The two-day conference, to be held Oct. 16-17, aims to have conversations about anti-Black racism within the francophone community, organizers say.
The announcement drew attendees from diverse backgrounds within the Canadian Black diaspora to learn more about the conference and to speak with La Passerelle advisory committee members and Clement, who will give a keynote speech at the October gathering.
The conference is meant to focus on solutions and practical steps rather than broad, ideological conversations, said Mohamed Boudjenane, a member of the advisory committee.
The conference is inviting leaders from various fields to discuss systemic discrimination and initiate conversations about strategies to address it.
For Clement, the focus on addressing issues that younger generations face is at the forefront.
“It’s going to be practical; we want to be able to make recommendations,” she said.

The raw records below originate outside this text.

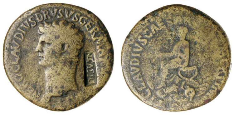 | RIC 109 BMC 210 | Nero Claudius Drusus AE Sestertius. Struck 41–42 AD. NERO CLAVDIVS DRVSVS GERMANICVS IMP, bare head left [countermark NCAPR in incuse rectangle behind] / TI CLAVDIVS CAESAR AVG PM TR P IMP P P, Claudius (or Drusus) seated left on curule chair, holding branch, surrounded by arms, SC in ex. | Text | Image |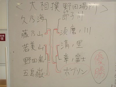 ボブソン(国籍は日本)の優勝! おめでとうございます。 次回の野田場所をお楽しみに! 担当:デイサービスで一番力がない?沖本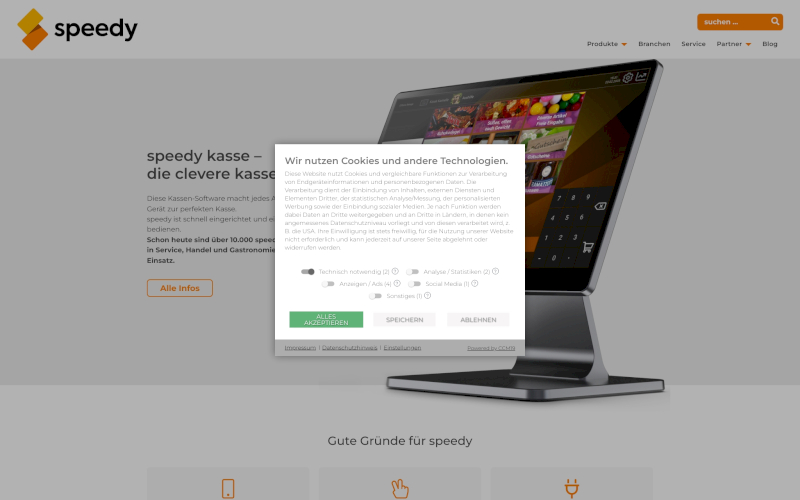 Das Herzstück von CCM19 für Ihre Softwareunternehmen Webseite, Onlineshop oder sonstige Applikation - der Cookie Banner für Softwareunternehmen. Mit diesem Banner realisieren Sie auf Ihrer Webseite die notwendige Zustimmung zum Setzen von diversen Cookies und zum ausführen von (Tracking)Skripten.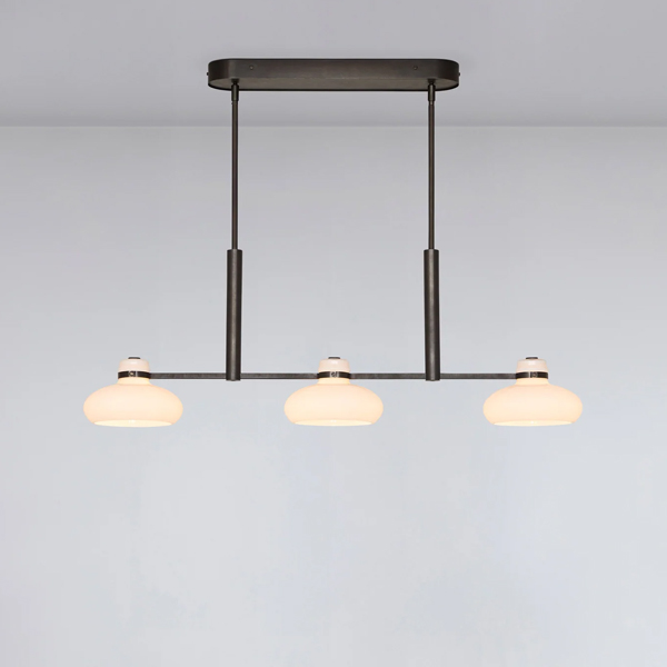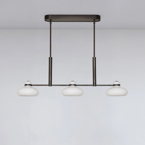 The Magnus pendant captures the fluidity and natural movement of molten glass. Sculptural shades in soft opal white are held in a sleek metal frame in rich blackened bronze. The fixture provides plenty of direct lighting to surfaces below, while the shades emit a warm glow, enriching the atmosphere of any room. Every angle has been considered, ensuring the pendant appears clean and refined even when viewed from above, and maintains its integrity across a wide range of interiors. The Magnus S3 offers three evenly spaced shades, creating a balanced, linear design perfect for medium-sized dining tables or kitchen islands. The Magnus series includes two and four shade pendants in a linear arrangement, and four and six shade options in a multi-arm configuration.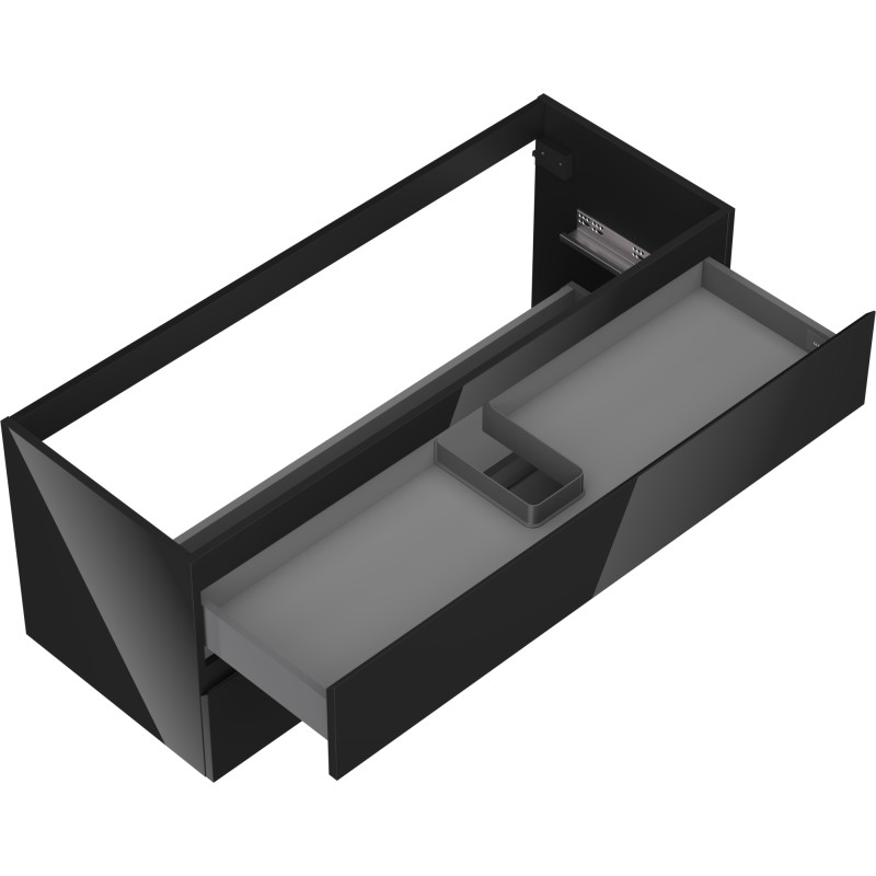 Špecifikácia produktu: Šírka: 120 cm Výška: 47 cm Hĺbka: 46 cm Farba korpusu: Lesklá čierna Materiál korpusu: Lakovaná doska Farba čela: Lesklá čierna Materiál čela: Lakovaná MDF doska Štruktúra čela: Hladká Počet zásuviek: 2 Priestranná zásuvka s funkciou tlmeného Povrch odolný voči UV žiareniu Kombinovateľný s pracovnou doskou alebo umývadlom Otis, Vela Zmontovaný produkt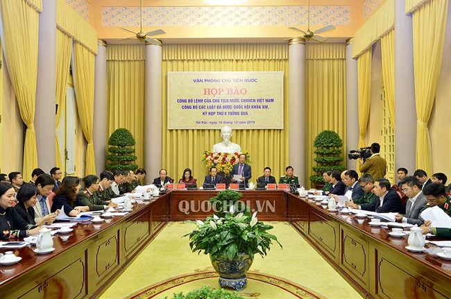 Chiều 16/12/2019, tại Hà Nội, Văn phòng Chủ tịch nước đã tổ chức họp báo công bố lệnh của Chủ tịch nước Cộng hòa xã hội chủ nghĩa Việt Nam công bố 11 Luật đã được Quốc hội khóa XIV, kỳ họp thứ 8 thông qua.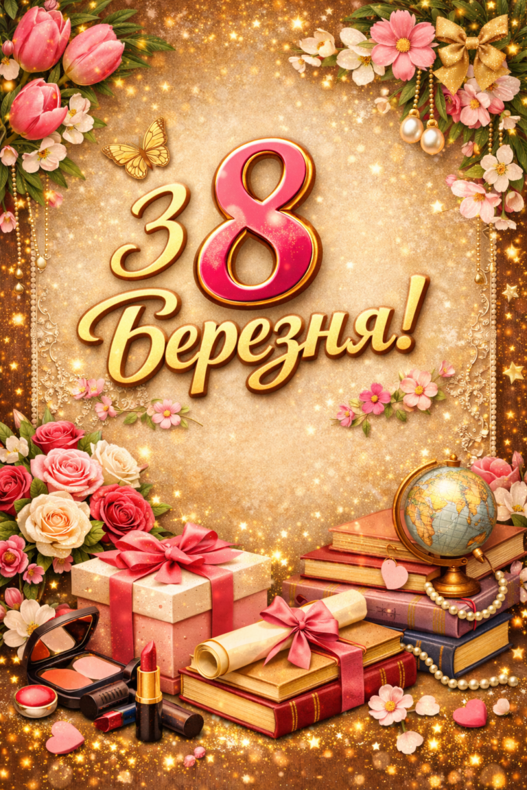 Це особлива нагода висловити щиру повагу й вдячність жінкам, які своєю працею, знаннями, талантом і щоденною наполегливістю творять атмосферу нашого закладу освіти. Саме завдяки Вашій мудрості, відповідальності, доброті, професіоналізму та цілеспрямованості навчальний процес наповнюється змістом, натхненням і прагненням до розвитку. Ви надихаєте, підтримуєте, допомагаєте долати труднощі та впевнено рухатися вперед.

She added that she hopes spreading news of the October event months in advance will help “identify some of the issues we want to drill down into at the conference.”
Clement is a lawyer and was mayor of Cornwall, Ont. from 2018 to 2021. She was the first woman elected mayor of Cornwall and the first Black woman to serve as a mayor in Canada. She is the daughter of a Trinidadian father and a Franco-Manitoban mother.
Through her own experience as a Black woman in Canada’s francophone community, Clement said she knows society has come a long way towards equity and inclusion, “but there’s still so far to go.”
That’s why, she noted, it was important to announce the conference during Black History Month.
With the theme this year being “Ours to tell,” Clément said it goes beyond just storytelling and listening. She said: “Just here at the launch, I’ve heard many different stories. Black, racialized people want to tell their stories.”
She added that the point of listening is part of getting into what people need to be resilient and strong when they face adversity.
While talking about the importance of the conference, Clement said, “I haven’t lived through what I’ve lived through without now needing to be part of the hope.”
To Ronald Bisson, a long-term volunteer with La Passerelle-I.D.E. and a member of its francophone advisory committee, combatting racism is everyone’s business.
“I’m not an ally. Racism is my fight as much as anybody else’s,” said Bisson. He explained that combatting racism takes a collaborative effort.
Through working with the francophone community for 25 years, Bisson said he believes it takes a long time to build a country and that’s why conferences like this are important.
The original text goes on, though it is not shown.